I don't think thats quite right about the chickens being registered and a certain number of eggs having to be handed over. Chicken feed was rationed and you had to prove you had the chickens to get the feed so you could register a certain number of chickens. You could effectively then exchange your household egg ration for the chicken feed ration. That was a much better option since the egg ration was about 2-3 eggs a week but chickens will lay many more than that during the laying months.

Chickens lay a variable number of eggs though so it wasn't that you had to hand over a certain number of eggs to the authorities if you had chickens. People were encouraged to keep chickens to supplement their diets and were also encouraged to grow fruit and veg in their gardens which was also then their own to keep.

cloudtree Fri 01-Feb-19 20:58:16

The problem was the chicken feed ration wasn't sufficient to feed the chickens.

BadlyAgedMemes Fri 01-Feb-19 21:32:44

I've been talking about rationing with my DM last night.

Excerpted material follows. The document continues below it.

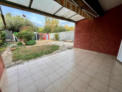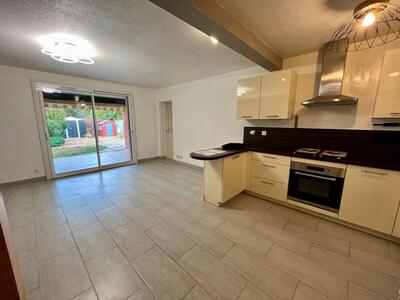 L'intérieur se compose d'un hall, d'un WC indépendant, d'une cuisine équipée ouverte sur un séjour lumineux et climatisé. Cet espace de vie convivial s'ouvre sur une agréable terrasse couverte exposée sud-ouest, prolongée par un jardin privatif de 100 m², sans vis-à-vis, parfait pour recevoir, jardiner ou se détendre.

She was born during rationing, although not in the UK. One thing she stressed was that people in the countryside were pretty much always better off than those living in towns and cities. Even poor people in the countryside had either some land to grow something or to keep an animal or two, or some access to local "black market" trading with people they knew who had excess. (My greatgrandparents had cows, and bought "luxuries" with butter in the black market.)

A thing I'd never thought about: even though DM's folks kept animals, they needed special permits for things like how many animals they could slaughter and when. They weren't just able to make decisions on their own about the resources they owned themselves.